Bluepalm, the paintings of yours and peoples faces sound really interesting! Particularly knowing what it means to you to be making them. The motivations for this. In exploring in flesh and blood what it is to feel alive at that time as a baby. That makes sense that you want to feel grounded and rooted, painting landscapes and gardens! I can relate to this! I like the freedom, joy and creative use of form and colour in the work by Mattisse and the fauvists for example. Very joyful and celebrating humanity! When I look at those types of works they make me smile inside! What are you painting onto... canvas, board?

It is really moving what you experienced as a baby, and how this must have effected you. As the story of your mother describing how she felt she had somehow failed your father with presenting you at birth, him turning his back. How her telling you this must have effected you. Alongside her telling you that she  left you on your own for long periods of time, easily it seems. It must be confusing and gut wrenching understanding why one would do this!?

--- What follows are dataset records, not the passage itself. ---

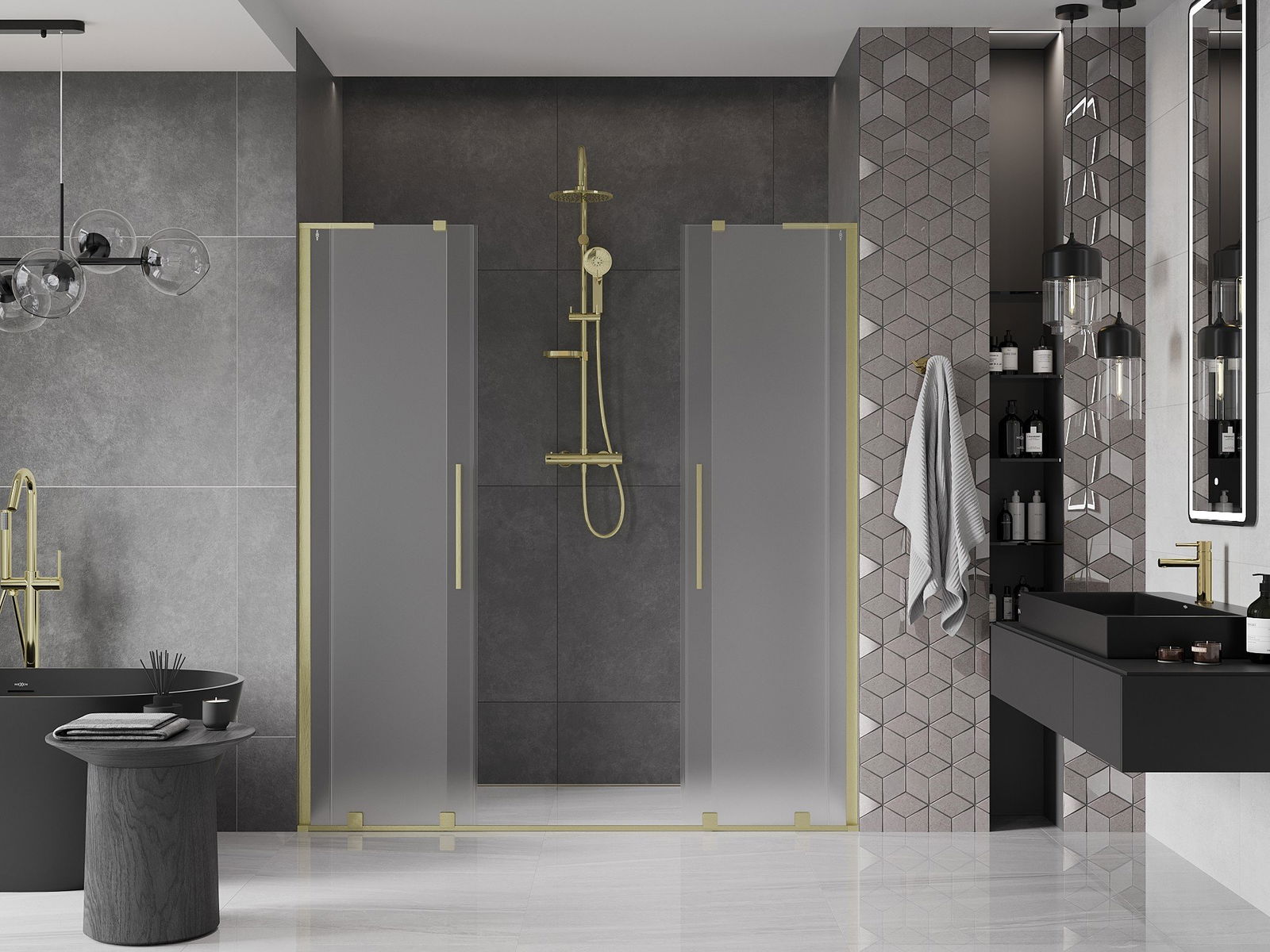 Mexen Velar L Duo drzwi prysznicowe rozsuwane 170 cm, szron, złote szczotkowane - 871-170-003-32-55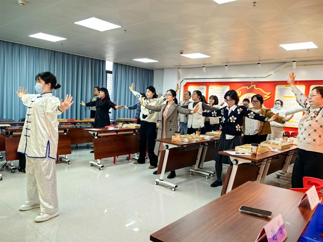 授課過程中,講師還為女職工設(shè)置了中醫(yī)文化體驗(yàn)環(huán)節(jié)。專業(yè)的中醫(yī)養(yǎng)生教練身著傳統(tǒng)服飾,身姿矯健地站在前方,為女職工們示范八段錦的標(biāo)準(zhǔn)動(dòng)作。“雙手托天理三焦,左右開弓似射雕……” 教練一邊口中念念有詞,一邊緩緩展示著一招一式,動(dòng)作行云流水、剛?cè)嵯酀?jì)。練習(xí)過程中,女職工們屏氣斂息,專注于每一個(gè)動(dòng)作的細(xì)節(jié),感受著身體的拉伸與舒展,仿佛在一招一式間與古老的中醫(yī)養(yǎng)生智慧對話。八段錦不僅讓女職工們體驗(yàn)到傳統(tǒng)健身方式的魅力,更在動(dòng)靜結(jié)合中舒緩了身心壓力,調(diào)節(jié)了氣息。許多女職工表示,練習(xí)完八段錦后,身體微微發(fā)熱,整個(gè)人都神清氣爽,仿佛充滿了能量。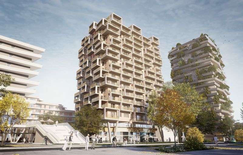 Der goldene Wohnturm im Quartier 1 erstreckt sich über 16 Etagen. Die Fassade wird durch Boxen aufgelöst, die großzüge Außenräume und Terrassenflächen für die Wohnungen bieten. Die goldenen Balkone der Esplande Sieben verleihen dem Gebäude eine besondere Eleganz und machen es zu einem Blickfang in Reininghaus.

I can relate to the sense of neglect you experienced in many ways, and a lot of the work I am doing now in therapy is in confronting the script that my parents needed to hold of me and project into me. As in their eyes (mind) I had to be less than  and serve as their scapegoat. So it effects how I relate to others now as it feels familiar. A lot of creative making I find helps me to slowly somewhat overcome this faulty script also. Its a way of externalizing the internalized.

I've been looking at a child development theory connected to creativity and the imagination that you may be interested in. Its by Donald W. Winnicott and can be found in a book called 'Playing and Reality'. Its certainly helped me with a theory of making, which for me has helped me feel more rooted as an artist generally. To develop meaning around my creativity. So I like to pass this on when I can! My T recommended it to me a few years ago.

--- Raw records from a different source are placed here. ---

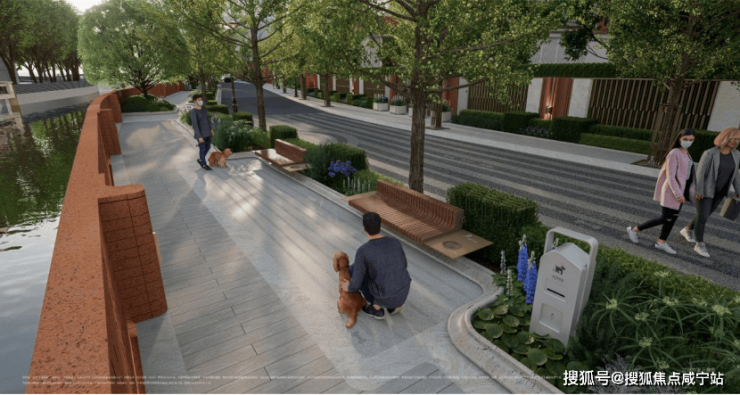 约7000㎡风貌邻里新弄堂延续石库门肌理,将社区咖啡、艺术工坊、便民市集等多元业态融入其中,构建开放、融合的步行尺度共同体—— 文艺氛围与人间烟火在此交织,打破了高端社区的疏离感。而九龙路滨水归家秘境,通过宠物友好花园、文化记忆景墙、适老化座椅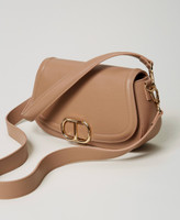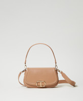 Brera' shoulder bag made from smooth faux calf leather with flap and galvanized brushed gold-tone Oval T fastener. Handle for on-shoulder or hand carrying and cross-body strap, both removable with carabiners, lining.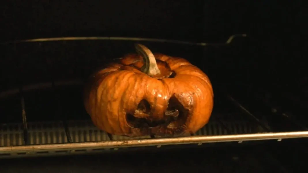 You basically gut and carve the pumpkin as you normally would, then you bake it inside a toaster oven, drying it out for longevity and charring and warping it for a disturbingly scary jack-o’-lantern.
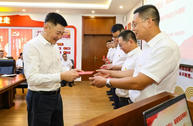 在庄重而温馨的“政治生日”赠礼仪式上,张冠武为在七月份入党的党员代表发放承载组织关怀的“生日贺卡”。党员代表围绕“入党为什么、在党做什么、为党留什么”这一主线,结合工作实践分享了从入党初心到岗位奉献的成长历程。 “我志愿加入中国共产党……”在重温入党誓词环节,全体党员肃立面向党旗,重温铿锵誓言,将每一句誓言都化作对党的无限忠诚、对使命的执着坚定。 此次活动通过“政治生日”这一庄重仪式,将党性教育与情感共鸣深度融合,既让党员感受到组织的温暖,更激励大家以如磐初心在集团高质量发展中勇当先锋。 下一步,集团机关党委将持续创新党员教育形式,推动“政治生日”成为强化党员身份意识的重要载体,引导集团总部全体党员以实际行动书写新时代乐虎(中国)答卷。 |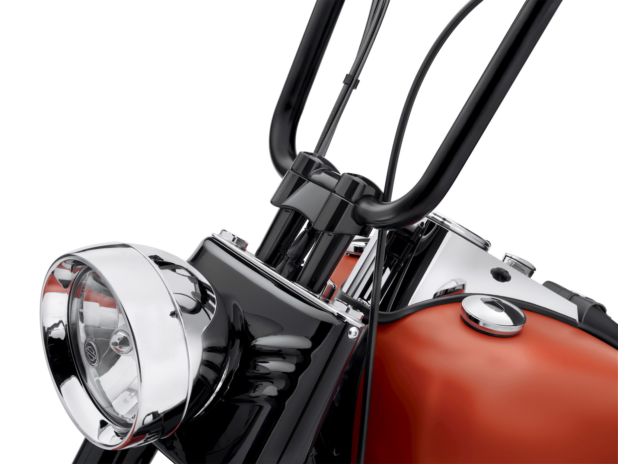 This riser features a one-piece base that is designed for use with internally-wired 1.25" handlebars and provides a skirt that conceals the wiring's exit from the bar. The matching handlebar clamp ties it all together. Available in mirror-chrome or gloss black finish, the kit includes riser, matching handlebar clamp and clamp hardware. Fits most 1.25" diameter handlebars. Does not fit FXSB, FXSBSE and Springerâ„¢ models. Requires separate purchase of additional components. Riser height 4.1".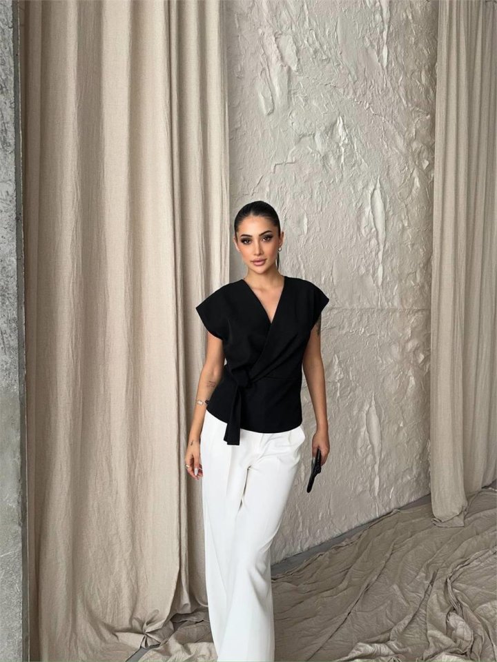 YANDAN BAĞLAMA DETAYLI KOLSUZ BLUZ – Siyah

I'd be interested to hear what you think sometime if you get a chance of course to have a look!

Wishes  :)












Regret

This is an absolutely wonderful topic for me. I've read through it several times. Each time it opens up new insights into my life as it is today, what I missed out of in the past and together that presents a future that scares the heck out of me.

Reading through also sparks feelings that I've never had before, good feelings that encourage me to keep moving forward.

So thank you to all who have contributed to this topic. Your words have helped me greatly.

Yipeee

Hi Regret!

Yes its very affirming, validating, and generative of good feelings as you describe, just to be able to share in ideas around this! Its maybe that part of us in out inner child is getting that understanding. Not feeling so alone. As naturally the warmth and emotional needs would have been there in a healthy FOO.

I just re read your post and can relate completely and feel relieved to know I am not alone in being dumb founded when asked where i wanna be in five years time!

Errr...If only you knew is usually my first thought to that question! with a slight inner chuckle to myself at the perverse ridiculousness of that question!

I am really pleased you having good feelings around this, as they can pave the way for a 'different' sense of future do you think!?

bluepalm

Yipeee thank you for your warm response. I have ordered Winnicott's 'Playing and Reality' that you recommend. Given drawing and painting are now so central to keeping me reasonably stable, I'm interested in exploring more about what creating my art means to me. To answer your question, I draw in pencil, charcoal and pastel on paper, paint in watercolours on paper and paint in oils on board and canvas. I'm grateful that I have enough skill that the results are satisfying to me and once created, help me to feel alive and comforted. I look at the art work and feel I have made something valuable, something from inside me has come into being and will exist into the future. I think this is a powerful way for me to defy all the contempt and attempts to erase me, to make me invisible, to which I've been subject for so long.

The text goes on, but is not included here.